I had no idea that Ecuador had defaulted on its debt.
Felix Salmon’s Reuters piece is fascinating, not least for the tone of astonishment that “the country has won and the private sector has lost.” Aren’t small open countries like Ecuador helpless in the face of the mighty capital markets? Not at the moment:
[President Rafael] Correa didn’t pull the trigger until he could see the whites of his opponents eyes: he announced that he was defaulting on the 2012 global bonds at exactly the time that three huge hedge funds, which held Ecuador’s debt, were being forced by their prime brokers to liquidate their holdings. As a result, the selling pressure on Ecuadorean bonds sent them tumbling from the 70s to the 20s almost overnight.
They would have fallen further, into the waiting arms of a small army of hungry vulture funds… But then Ecuador pulled its next smart stunt: it used Banco del Pacifico, a large Ecuadorean bank, to start buying bonds at levels above 20 cents on the dollar. That was just high enough that the vultures didn’t want to amass a large position, and ensured that any future restructuring would face little organized opposition just because Ecuador’s bondholders were so fragmented. … And its final clever step was not to put forward a take-it-or-leave-it offer, as Argentina did, which would allow bondholders to agitate for a mass “no” vote. Instead, they just asked bondholders to name their price. Of course that’s what the bondholders did. None of them wanted to be left as holdouts.
The lack of solidarity among bondholders is noteworthy here (a group of disgruntled bond owners uses, telling if a bit comically, the slogan “United We Stand.”) Game theory might explain why most bondholders would take the country’s offer, but one suspects that in a different political conjuncture the game would work differently.
Also noteworthy is this: “Ecuador hasn’t been able to issue debt in years, so losing access was no big deal for Ecuador, as it would be for most other countries.” But why on earth should any country keep paying tribute to foreign bondholders if it won’t be seeing any more capital inflows?
Of course, Salmon might be wrong — which makes the case for default stronger, if anything. According to Marc Weisbrot, S&P raised the country’s bond rating following the default, and the price of non-defaulted government bonds rose sharply: “The debt reduction appears to have convinced foreign investors that Ecuador’s ability to repay its non-defaulted debt has increased.” It would be interesting to try to generalize this point. Even if you ascribe much more in the way of rational expectations to international lenders than I would, there is clearly some level of debt which is too high to be realistically serviced; in that case, repudiating some or all of the existing debt clearly improves repayment prospects for future debt.

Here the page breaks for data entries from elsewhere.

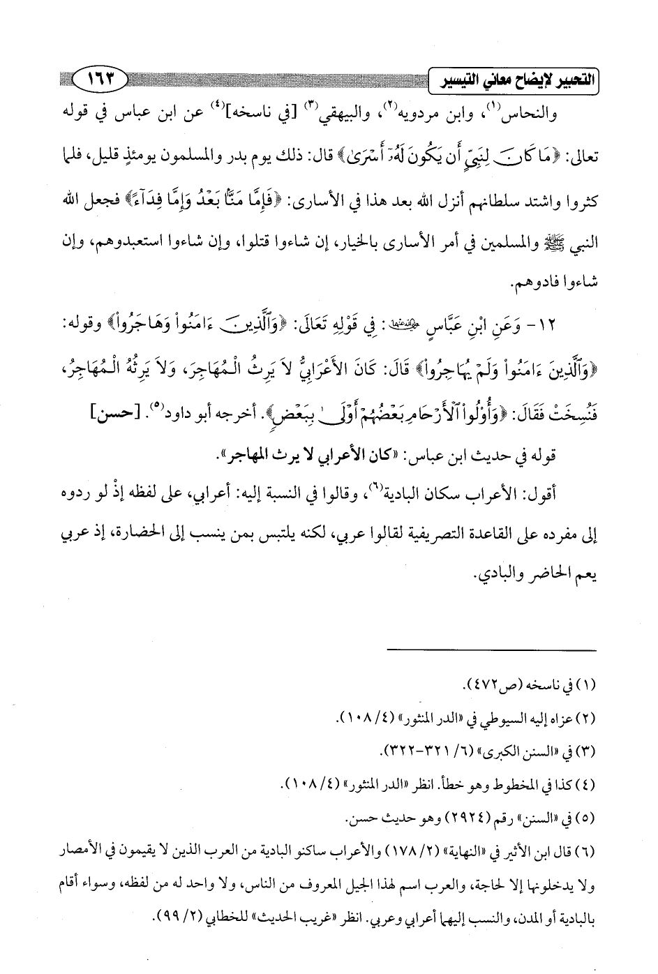12 - وَعَنِ ابْنِ عَبَّاسٍ - رضي الله عنهما -: فِي قَوْلِهِ تَعَالَى: {وَالَّذِينَ آمَنُوا وَهَاجَرُوا} وقوله: {وَالَّذِينَ آمَنُوا وَلَمْ يُهَاجِرُوا} قَالَ: كَانَ الأَعْرَابِيُّ لاَ يَرِثُ الْمُهَاجِرَ، وَلاَ يَرِثُهُ الْمُهَاجِرُ، فَنُسِخَتْ فَقَالَ: {وَأُولُو الْأَرْحَامِ بَعْضُهُمْ أَوْلَى بِبَعْضٍ}. أخرجه أبو داود (¬5). [حسن]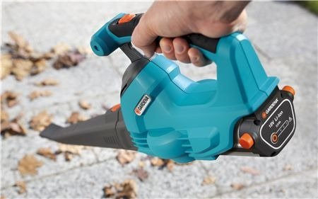 Dmuchawa wygodna i lekka jak miotła, ale znacznie bardziej komfortowa w użyciu. Prędkość strumienia powietrza 190 km/h umożliwia bez trudu i schylania uprzątnąć śmieci, liście i ściętą trawę. Urządzenie jest łatwe i proste w obsłudze dzięki niewielkiemu ciężarowi. Zastosowanie akumulatora litowo-jonowego 18V/2,0 Ah umożliwia wygodną pracę bez kabla. Proste w obsłudze, niezawodne ogniwo można doładować w każdej chwili bez efektu „pamięci“. Zarówno wykonany z miękkich elementów uchwyt jak i cała dmuchawa są ergonomicznie ukształtowane. Dzięki temu jest ona poręczna i wygodna w obsłudze. Dmuchawa posiada kompaktową budowę i zajmuje niewiele miejsca np. w piwnicy, garażu czy szopie. W komplecie znajdują się akumulator i ładowarka. Praktyczne: akumulator można stosować w innych produktach marki GARDENA. Warto to wykorzystać.
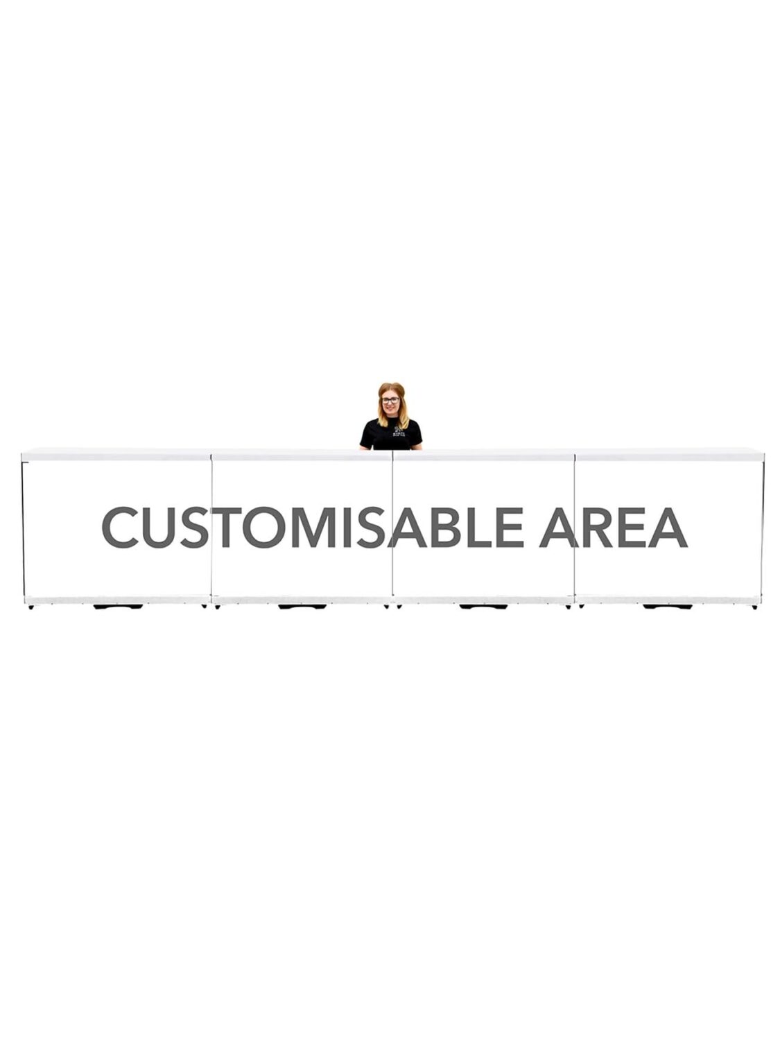We have a highly skilled team of graphic designers who can help you with the customisation of our 6m long white drinks bar.

On balance, despite all the huffing and puffing you hear in cases like this, it’s not clear that default has any repercussions on access to foreign loans. Jeffrey Sachs and Erika Jorgenson have an interesting paper that looks at the subsequent experience of Latin American countries that did, or did not, default on their debt in the 1930s. They find that “reputational effects on future access to credit … were low, so low as to be negative. … the costs of default in terms of future external financial flows were negligible. When the countries returned to international capital markets in the 1950s, no apparent systematic differences between the defaulters and nondefaulter emerges.”
Most likely the same will turn out to be true here: Post default, the income of a few wealthy bondholders will be a bit lower, the income of the citizens of Ecuador (or at least the government) will be a bit higher, and Ecuador’s capacity to borrow internationally will be unchanged.
Toward the end of his piece, Salmon quotes someone from Greylock Capital worrying that “as much as we can say this is an outlier, any country which runs into trouble has a great blueprint now of how to do it.” Let’s hope so!